- WHAT IS EXPECTED
A faithful copy is required of the lines from the top of the entries through the line that contains "Talbots blouse: green", both included, with no pictures.

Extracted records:
○ ○ ○ ○ ○
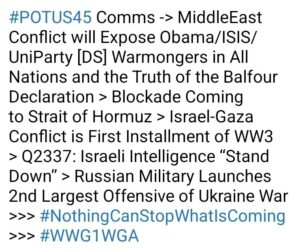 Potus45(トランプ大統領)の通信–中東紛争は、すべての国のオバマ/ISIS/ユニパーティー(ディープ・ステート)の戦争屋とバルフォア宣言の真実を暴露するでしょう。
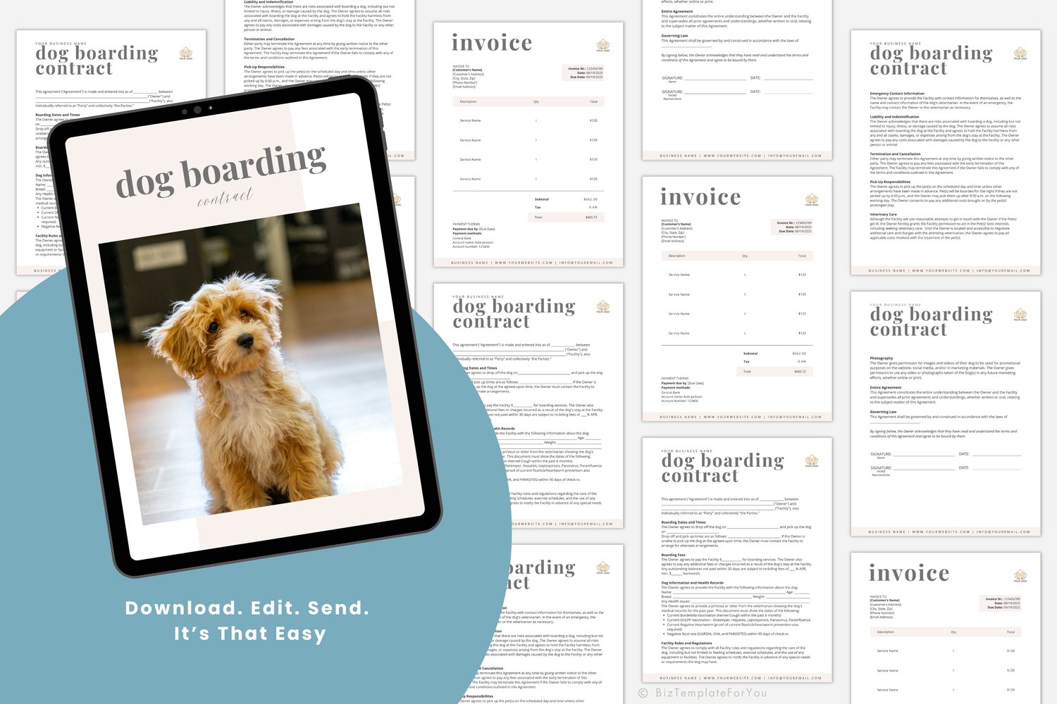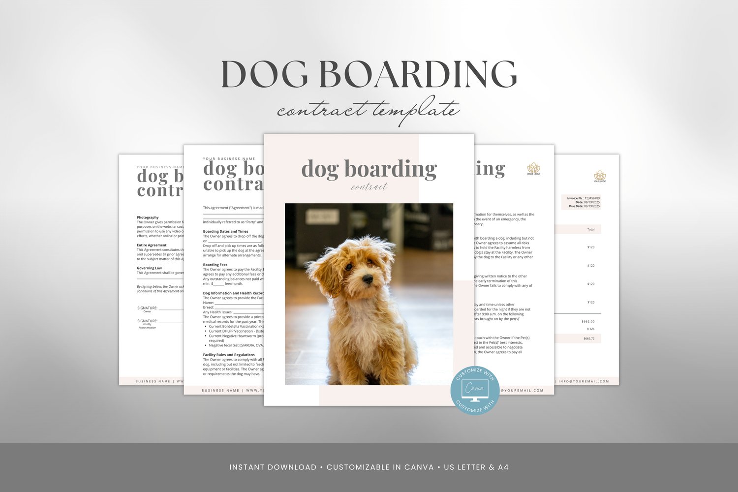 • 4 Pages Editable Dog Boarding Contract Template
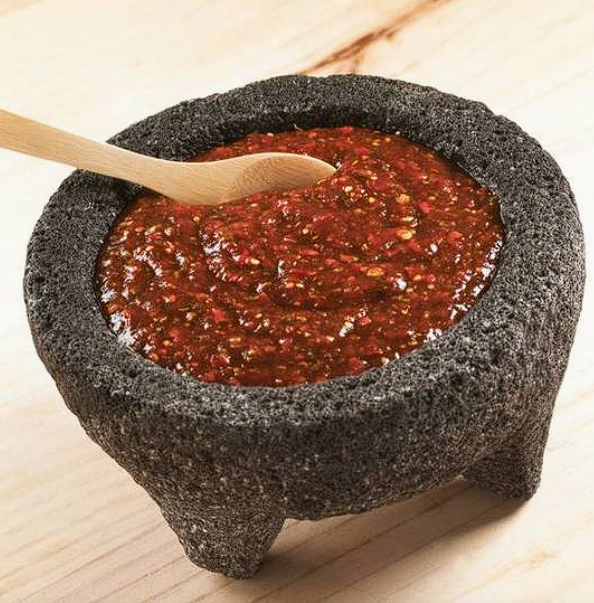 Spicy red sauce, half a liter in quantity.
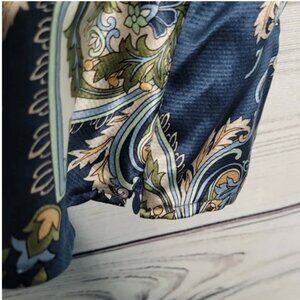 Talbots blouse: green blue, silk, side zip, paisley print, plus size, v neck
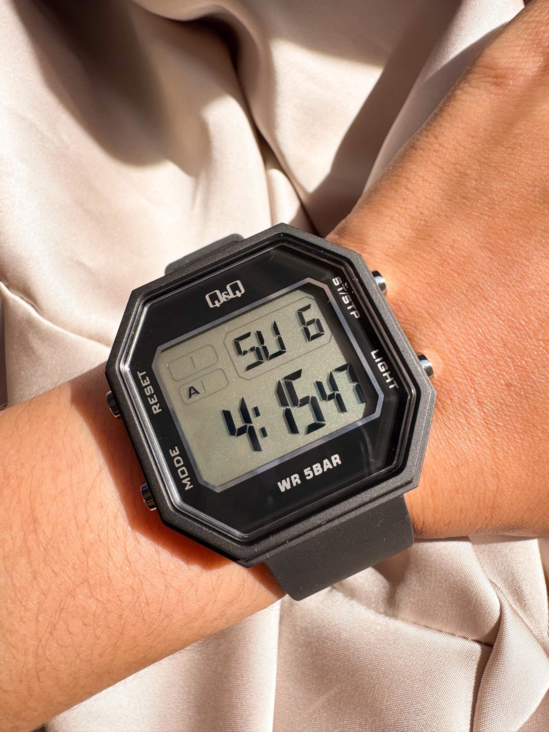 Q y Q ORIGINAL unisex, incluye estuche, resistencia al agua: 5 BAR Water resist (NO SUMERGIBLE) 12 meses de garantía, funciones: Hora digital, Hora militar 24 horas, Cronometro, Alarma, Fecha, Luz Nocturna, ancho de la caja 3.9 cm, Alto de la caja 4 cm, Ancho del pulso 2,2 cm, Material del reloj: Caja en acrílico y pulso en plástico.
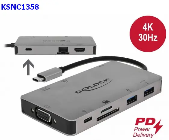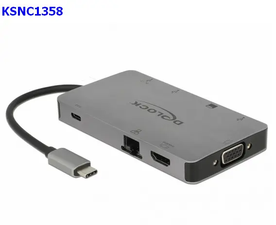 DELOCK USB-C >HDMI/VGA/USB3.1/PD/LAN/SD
○ ○ ○ ○ ○
- RESPONSE AREA
 Potus45(トランプ大統領)の通信–中東紛争は、すべての国のオバマ/ISIS/ユニパーティー(ディープ・ステート)の戦争屋とバルフォア宣言の真実を暴露するでしょう。
 • 4 Pages Editable Dog Boarding Contract Template
 Spicy red sauce, half a liter in quantity.
 Talbots blouse: green blue, silk, side zip, paisley print, plus size, v neck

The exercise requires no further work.